Divot / README.md

Update README.md

960145a verified over 1 year ago

5.91 kB

	---
	license: apache-2.0
	---

	# Divot: Diffusion Powers Video Tokenizer for Comprehension and Generation
	[![arXiv](https://img.shields.io/badge/arXiv-2404.14396-b31b1b.svg)](https://arxiv.org/abs/2412.04432)
	[![Static Badge](https://img.shields.io/badge/Github-black)](https://github.com/TencentARC/Divot)


	>We introduce [Divot](https://arxiv.org/abs/2412.04432), a Diffusion-Powered Video Tokenizer, which leverages the diffusion process for self-supervised video representation learning. We posit that if a video diffusion model can effectively de-noise video clips by taking the features of a video tokenizer as the condition, then the tokenizer has successfully captured robust spatial and temporal information.
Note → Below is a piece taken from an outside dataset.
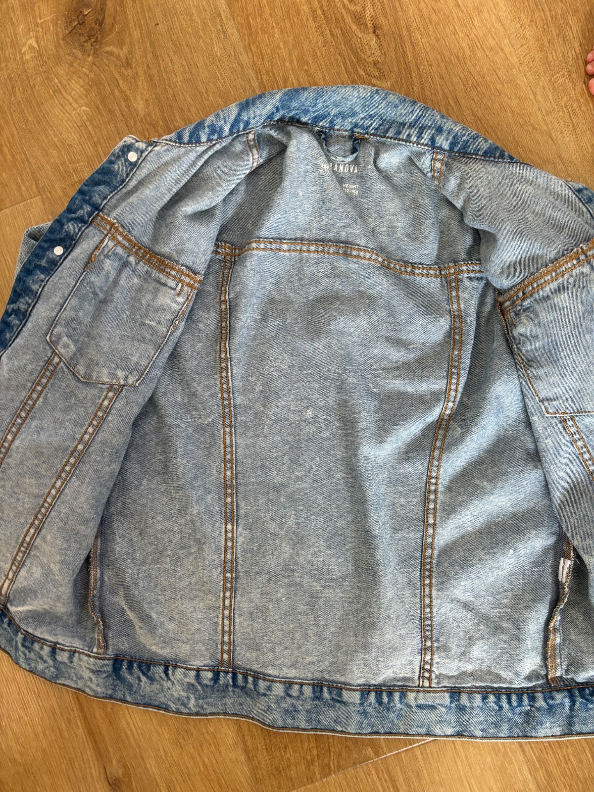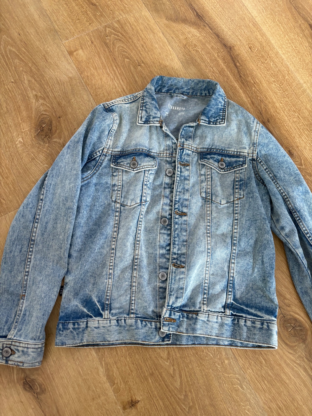 Prechodna bunda pre chlapcov:) Nosena max.5x Bez poškodenia... cena 13€ + poštovne Celkova dlžka od krku 58 cm- rukáv 58cm tiez , šírka 46cm

Additionally, the video diffusion model inherently functions as a de-tokenizer, decoding videos from their representations.
	Building upon the Divot tokenizer, we present Divot-LLM through video-to-text autoregression and text-to-video generation by modeling the distributions of continuous-valued Divot features with a Gaussian Mixture Model.

	All models, training code and inference code are released!


	## TODOs
	- [x] Release the pretrained tokenizer and de-tokenizer of Divot.
	- [x] Release the pretrained and instruction tuned model of Divot-LLM.
	- [x] Release inference code of Divot.
	- [x] Release training and inference code of Divot-LLM.
	- [ ] Release training code of Divot.
	- [ ] Release de-tokenizer adaptation training code.

	## Introduction
	![image](https://huggingface.co/TencentARC/Divot/resolve/main/method.jpg)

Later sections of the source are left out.